Der Europäische Gerichtshof für Menschenrechte hat entschieden, dass Kruzifixe in Klassenzimmern das legitime “Recht der freien Wahl der Eltern“ verletze, ihre Kinder zusammen mit Kindern gläubiger oder ungläubiger Eltern weltanschaulich völlig neutral erziehen zu lassen.

Rom/Straßburg. Das Gericht in Straßburg gab damit in letzter Instanz und einstimmig einer Klägerin aus Abano Terme bei Padua, der Stadt des heiligen Antonius, recht. Signora Soile Lautsi war bisher in allen Instanzen mit ihrem Begehren gescheitert, ihre beiden schulpflichtigen Kinder in Räumen ohne alle religiösen Symbole unterrichten zu lassen. Denn das oberste italienische Verwaltungsgericht, wo die Klage zuletzt abgewiesen worden war, hatte im Jahr 2006 auch entschieden, das Kreuz sei zu einem Symbol für die Werte Italiens geworden.

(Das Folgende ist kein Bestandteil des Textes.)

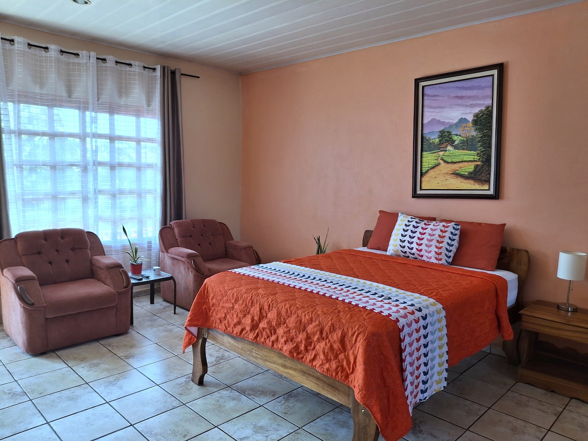 Piso recien renovado y amplio (700 sf ca): área de dormir/baño + cocina/comedor/sala de estar separadas por dos paredes arqueadas, amplia terraza con vista a árboles/playa. Cama king-size nueva, muebles y electrodomésticos y ducha caliente. Este espacio también cuenta con aire acondicionado, televisión, WiFi y estacionamiento cerrado. Ubicación ideal justo fuera del Parque Nacional Manuel Antonio y a solo 100 metros de la playa y tiendas locales, restaurantes y mercados.
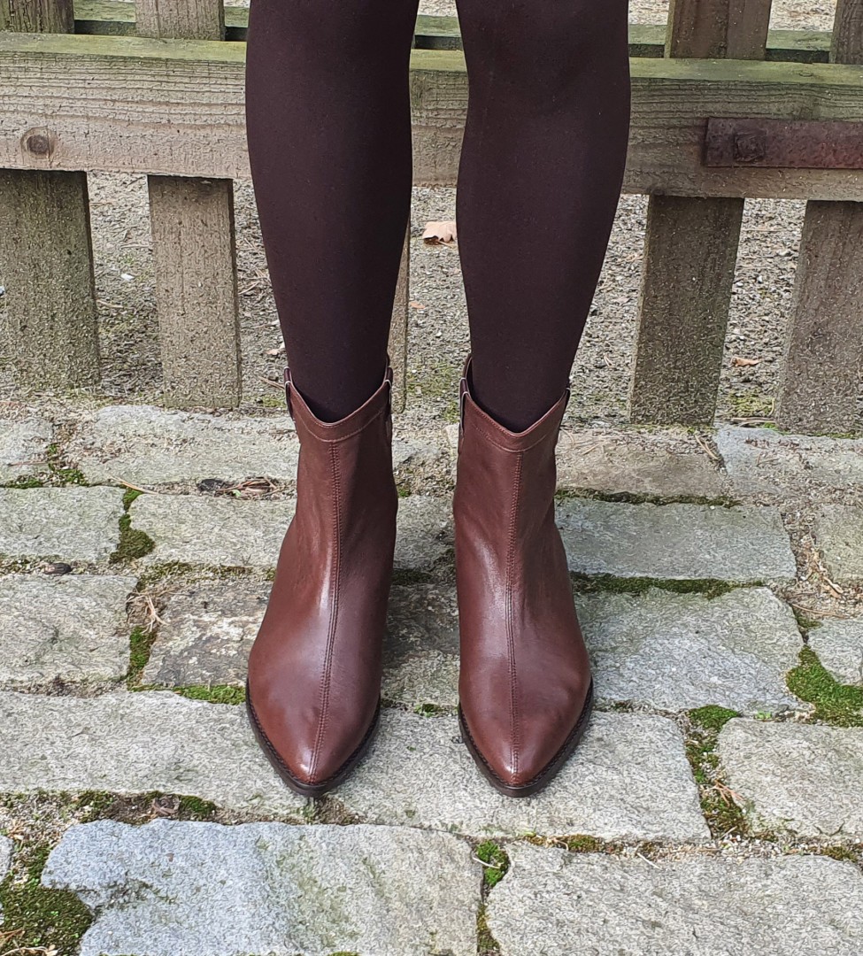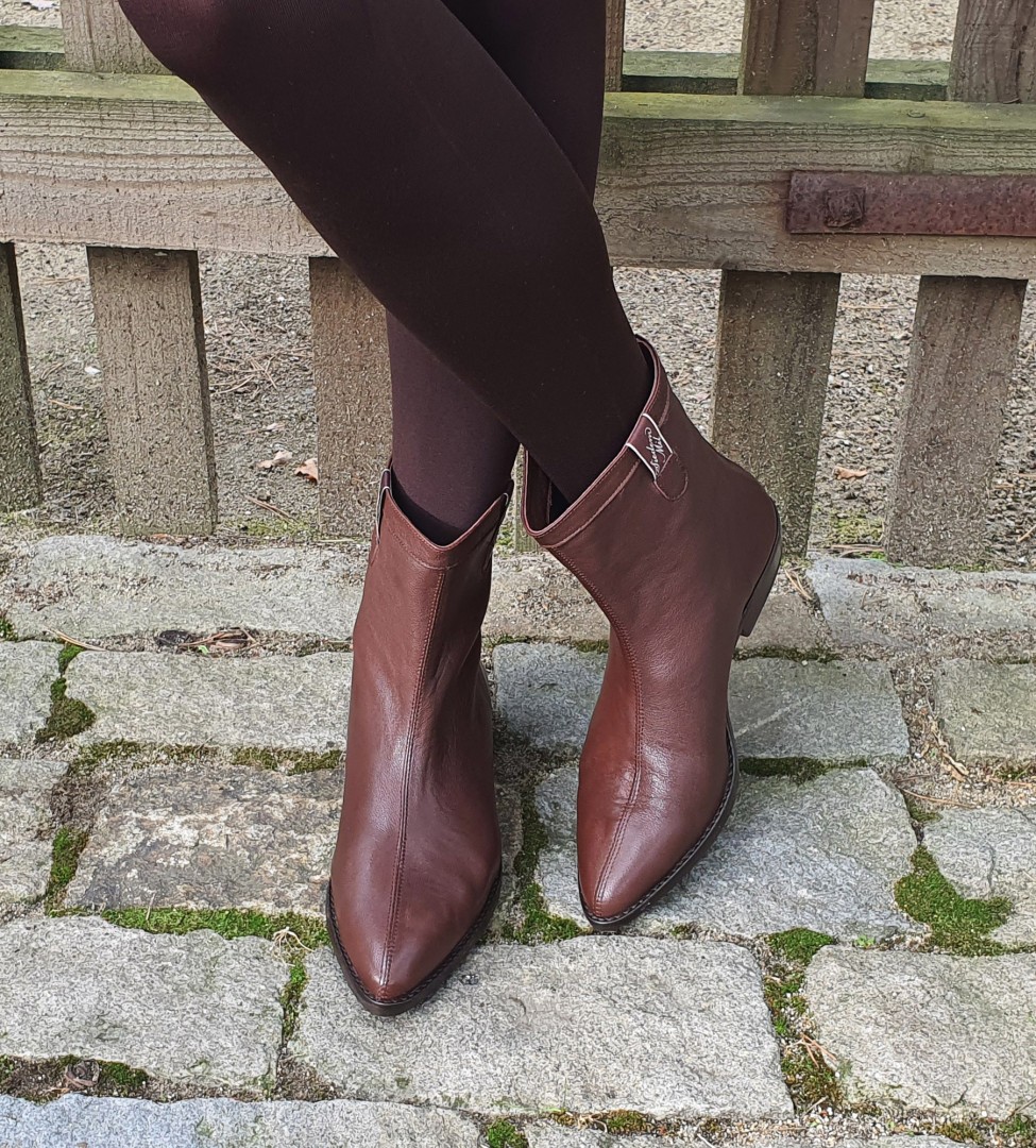 Wyjątkowo eleganckie i subtelne – te brązowe botki wykonane z naturalnej skóry to klasyka w kobiecym wydaniu. Ich smukła forma pięknie podkreśla linię nogi, a miękka skóra jagnięca wewnątrz zapewnia maksymalny komfort noszenia. Model zapinany z tyłu na dyskretny zamek, co pozwala na wygodne zakładanie, jednocześnie zachowując minimalistyczny wygląd. Całość osadzona jest na niskim, stabilnym obcasie, który dodaje sylwetce lekkości, nie rezygnując z wygody. Dekoracyjne wstążki z logo marki przy cholewce dodają charakteru i wyróżniają ten model wśród klasycznych botków.
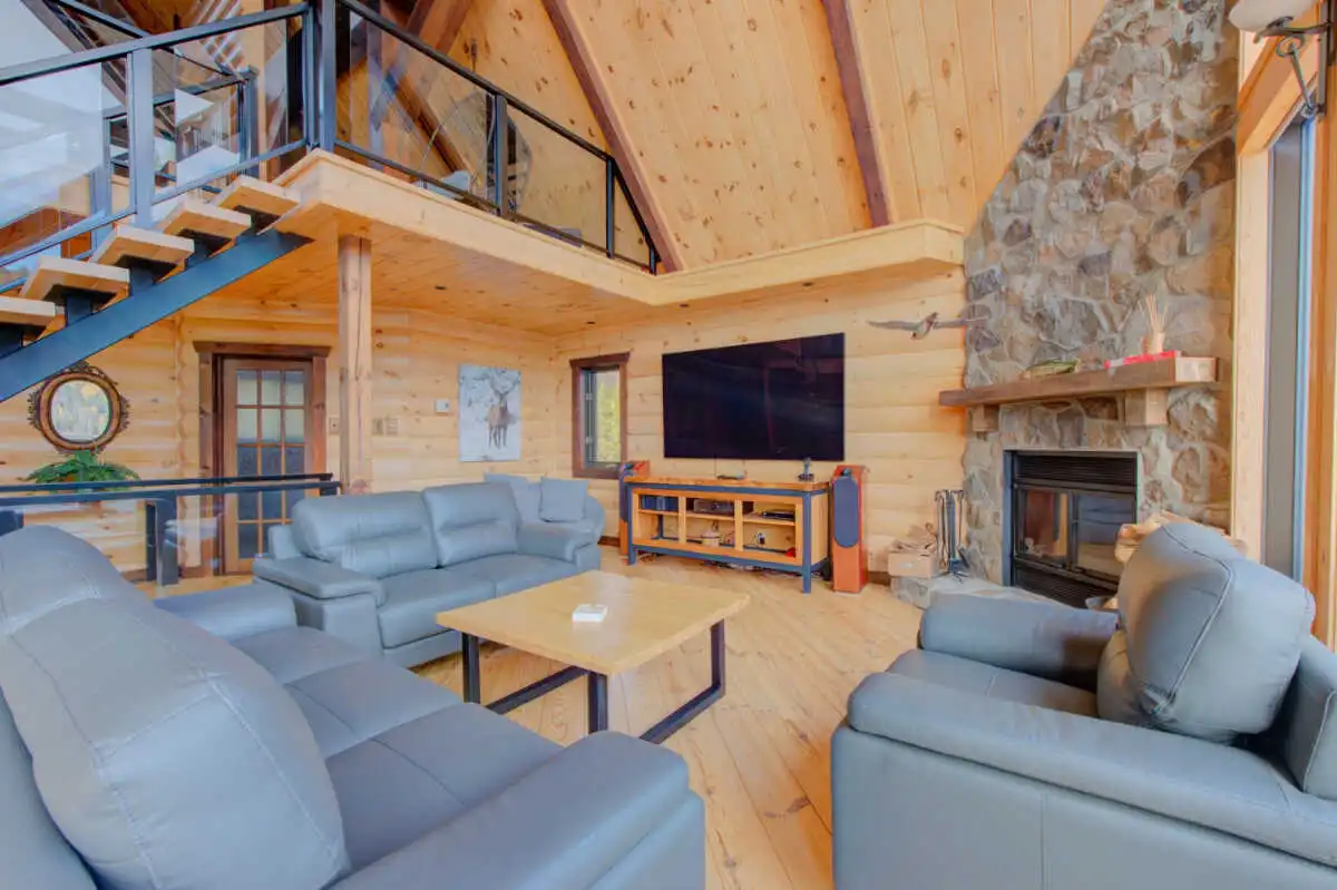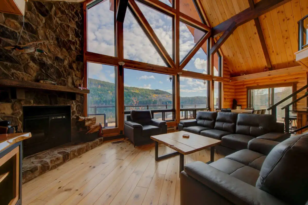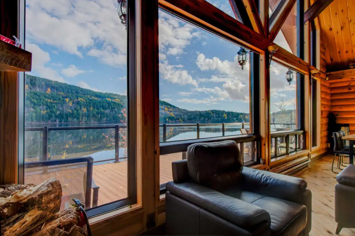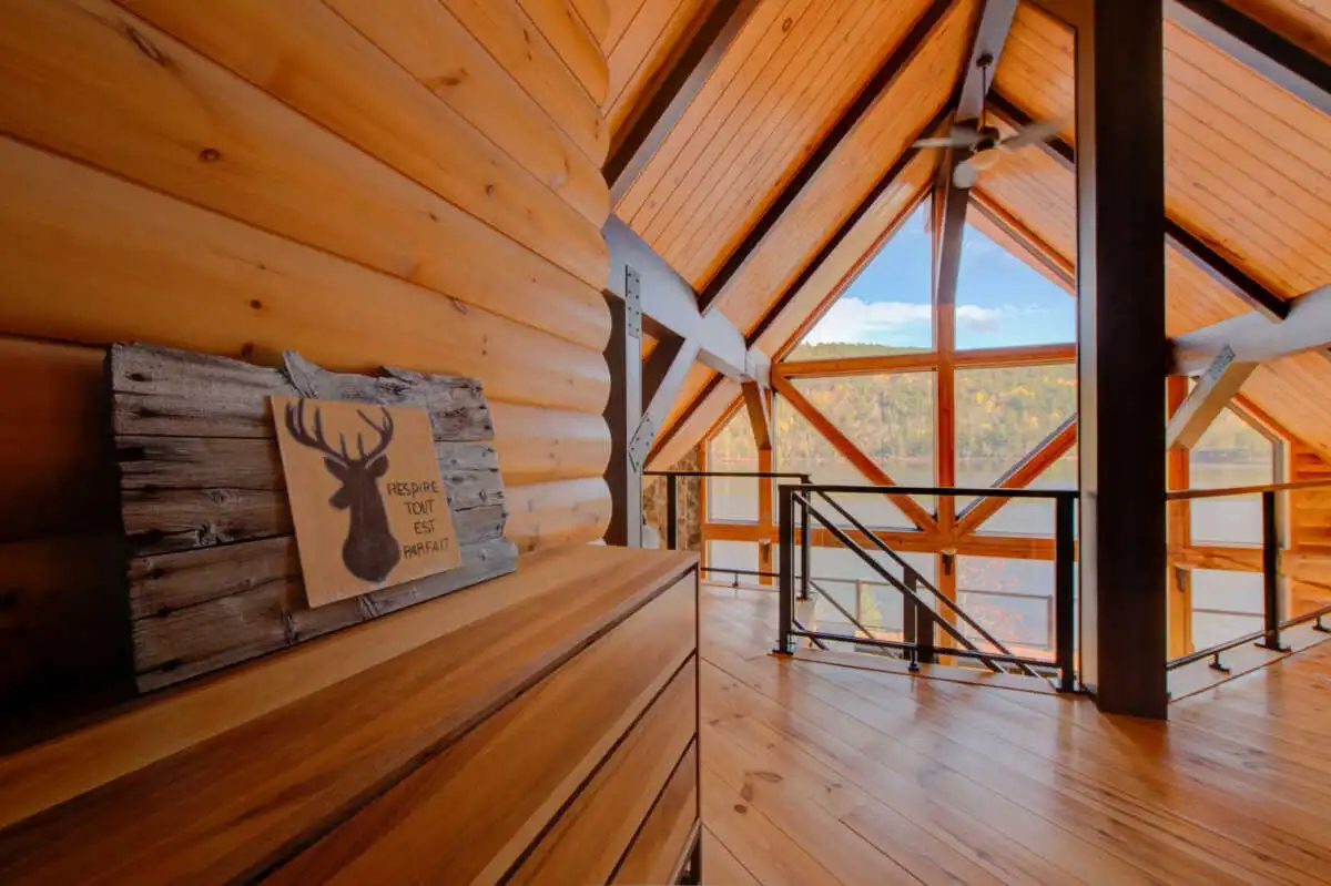 Votre séjour débute ici! Chalet Le Trésor du Lac à Mandeville dans la région de Lanaudière charmera autant par sa vue impressionnante sur le lac Sainte-Rose que son côté bois rond, son décor chaleureux et son architecture moderne.

So hatte der Fall in Italien seit Langem für viel Aufregung gesorgt. Für großes Aufsehen sorgte vor Jahren auch der Fall des in Ägypten geborenen, halb schottischen Signor Smith in dem kleinen Dorf Ofena in den Abruzzen, der spät zum Glauben des Propheten konvertiert war, sich danach zum Präsidenten einer von ihm gegründeten Muslimischen Union Italiens ernannte und mit spektakulären Aktionen dafür kämpfte, seinen Söhnen Khaled und Adam beim Erlernen des Einmaleins in der Dorfschule den Anblick des Gekreuzigten zu ersparen.

Ein Richter gab der Klage des "muslimischen Mitbürgers" damals nach, doch inzwischen ist in der Realität der Abruzzen wieder sehr viel Ruhe um den Fall eingekehrt. Das letzte Wort dürfte damit auch mit dem Entscheid aus Straßburg noch nicht gesprochen sein. Stefano De Lillo von der regierenden PDL kommentierte "die absurde Entscheidung" aus Frankreich mit den Worten: "Seit Langem arbeitet Straßburg gegen die europäische Identität, die der erste Existenzgrund der Europäischen Union ist und nicht der letzte." Antonio De Poli von der oppositionellen UDC bedauerte das Urteil als einen "weiteren Schritt auf dem Weg des Verlustes unserer Wurzeln, unserer Geschichte und unserer Kultur." Premier Silvio Berlusconi ließ derweil ankündigen, dass die italienische Regierung gegen das Urteil Berufung einlegen wird.